Highlights & Insights¶
- The conceptualization of the "four quadrants of knowledge boundary" is highly clear: Formalizing the vague "when should RAG say I don't know" into an actionable four-quadrant judgment provides a standard framework for RAG honesty research.
- Finding the "overconfidence" issue in RAFT carries great practical significance: This serves as an important complement to the popular RAFT approach—robustness and honesty are two distinct objectives.
- DPO as a plug-and-play post-training step: It can be directly applied to any existing RAFT model without retraining from scratch.
Limitations & Future Work¶
- The abstention threshold \(\delta\) needs to be set manually: Different scenarios may require different inclinations to abstain.
- Errors exist in knowledge boundary determination: Using accuracy over \(N\) samples as a proxy metric is not entirely precise.
- Evaluation is limited to QA tasks: Abstention behavior in open-ended generation tasks is more complex.
- Potential for over-abstention: An 80% abstention rate might be too conservative for certain scenarios.
Related Work & Insights¶
- vs RAFT (Yoran et al., 2024): RAFT focuses on noise robustness, while DTA focuses on honesty—the two are complementary.

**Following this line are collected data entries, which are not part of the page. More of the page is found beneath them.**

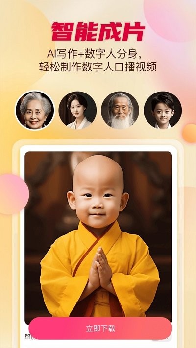 1、内置各种形象特色的虚拟主播数字人,帮助手机张片合成可对话的视频;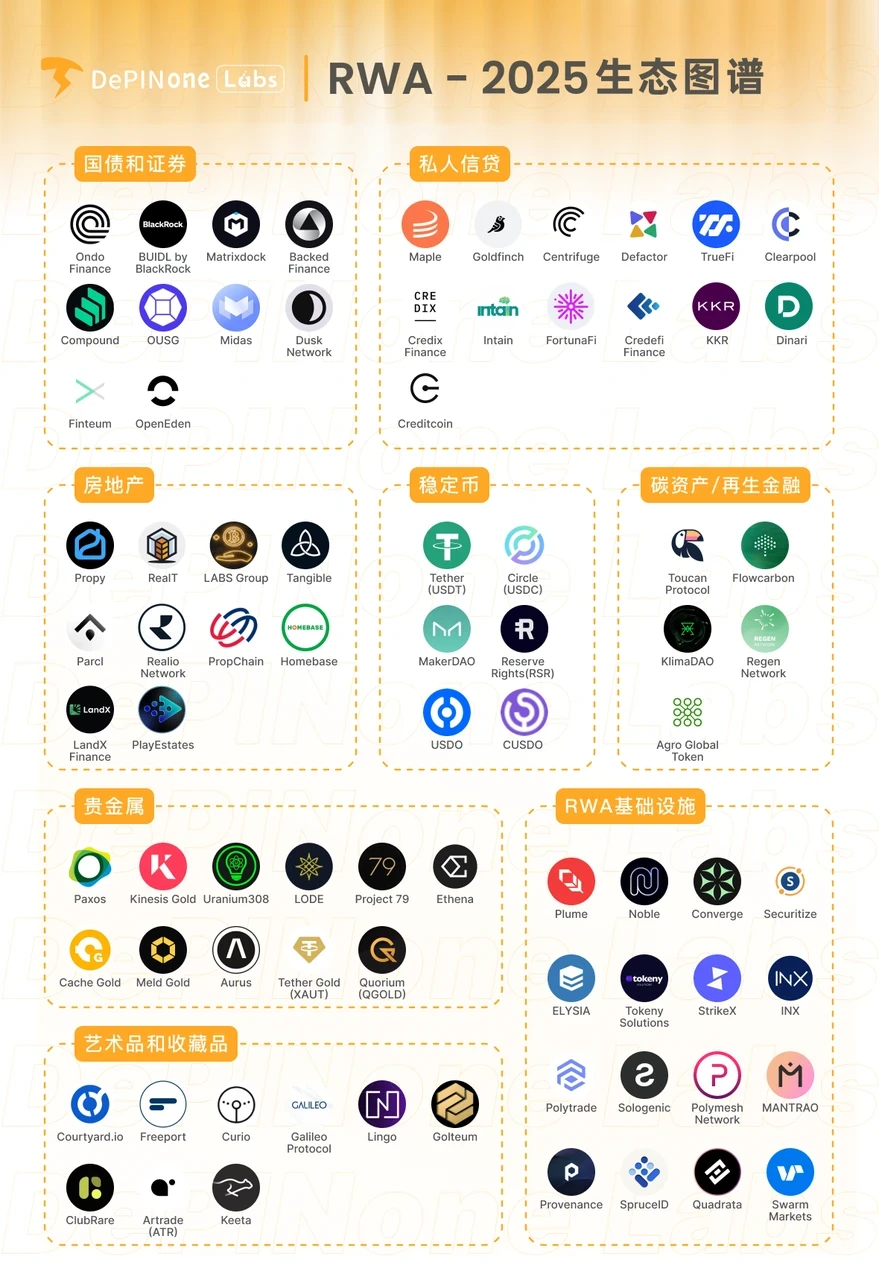 由 DePINOne Labs 编写的万字深度研报,全面盘点 2025 年 RWA 生态主要类别及代表性项目。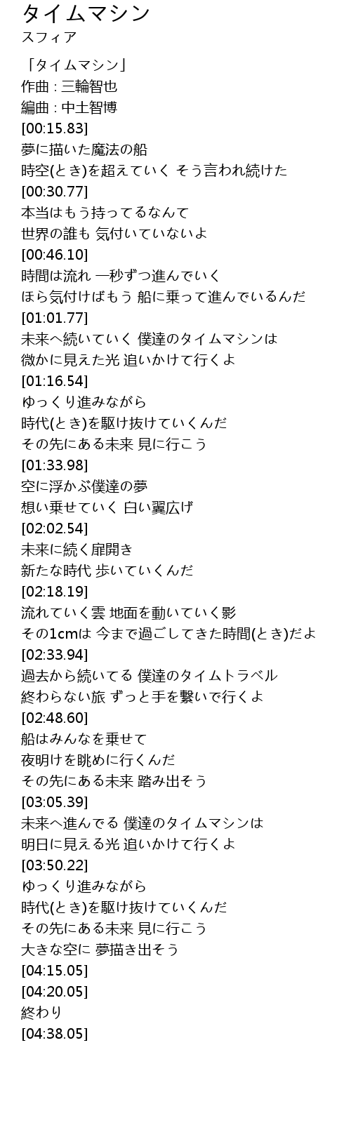 | [00:00.83] | 「タイムマシン」 |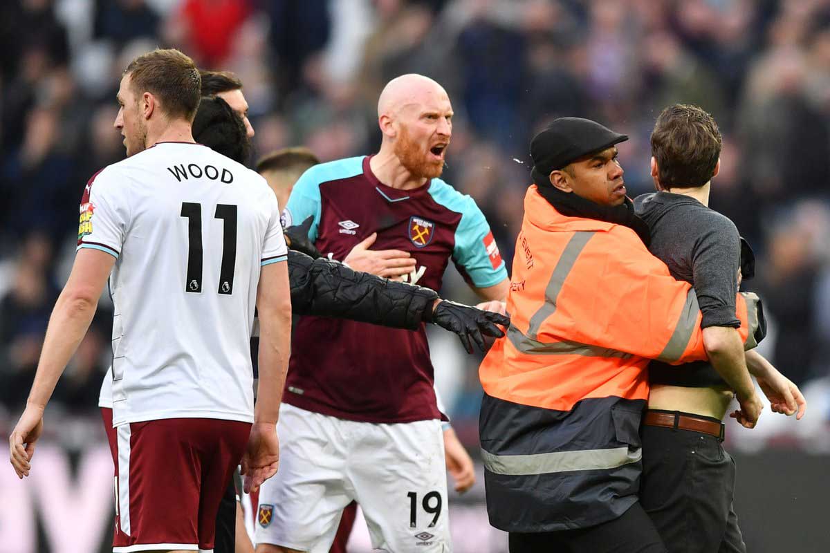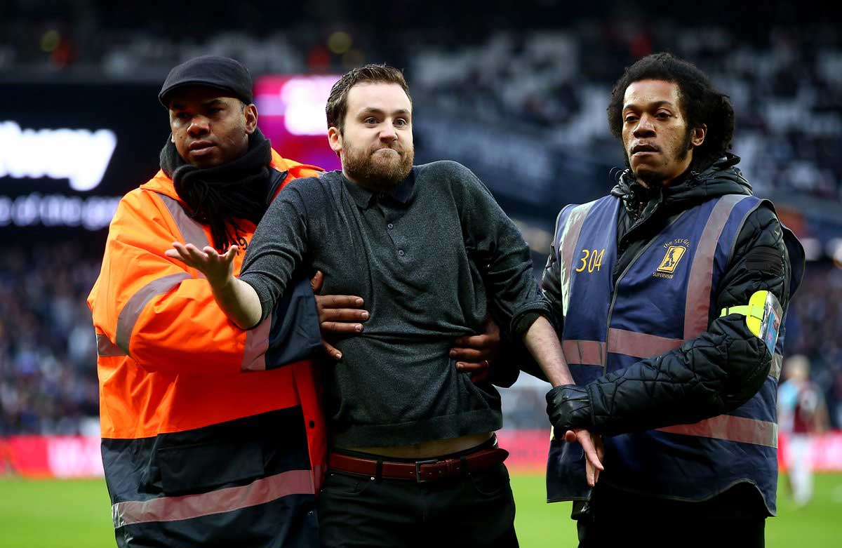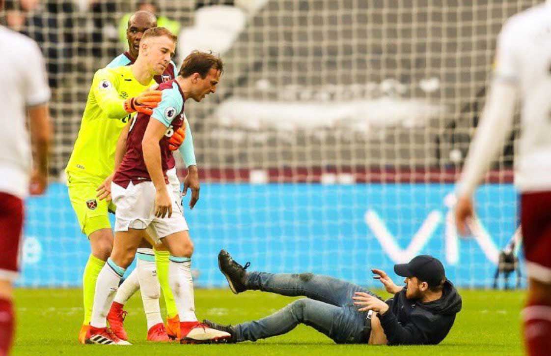 Los aficionados ya estaban hirviendo mientras veían caer a su equipo y ya protestaban en las tribunas a los propietarios del club, lo que no se esperaba es que algunos de ellos saltaran a la cancha para encarar a los futbolistas, uno de ellos, Mark Noble incluso intentaba expulsar a uno del terreno de juego. Otro aficionado tomó el banderín de córner y lo ondeaba en el mediocampo.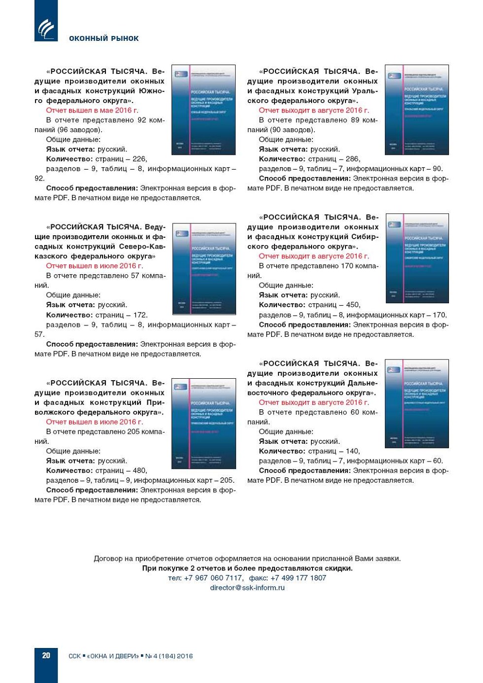 с 2011 года ежегодно выходят 9 аналитических отчетов, в которых представлены более 1000 ведущих компанийпроизводителей оконных и фасадных конструкций Российской Федерации. В отчеты включены компании, суммарный годовой объем производства которых составлял... |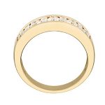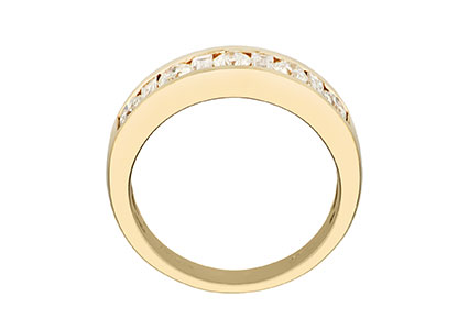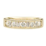 A modern smooth and tactile, 18ct yellow gold channel set half eternity ring, set with five round brilliant cut diamonds and four alternating baguette cut diamonds, chosen for their exceptional sparkle and fire. This mixture of the two contrasting cuts captures light from all angles which creates a dazzling display of sparkle and fire that will also capture instant attention.

- vs Astute RAG: Astute RAG resolves conflicts through knowledge integration, while DTA resolves knowledge gaps through abstention—differing in methodology.
- vs Self-RAG: Self-RAG uses reflection tokens to determine if retrieval is needed, while DTA determines if it should abstain—positioned further downstream.
Rating¶
- Novelty: ⭐⭐⭐⭐ Both the conceptualization of the four quadrants and the identification of the overconfidence issue in RAFT are highly innovative.
- Experimental Thoroughness: ⭐⭐⭐⭐ Comprehensive evaluation across 3 datasets and 9 metrics, but limited to QA.
- Writing Quality: ⭐⭐⭐⭐⭐ Precise formal definitions, intuitive diagrams and tables, and a clear logical flow.
- Value: ⭐⭐⭐⭐ Significant importance for the reliable and secure deployment of RAG systems.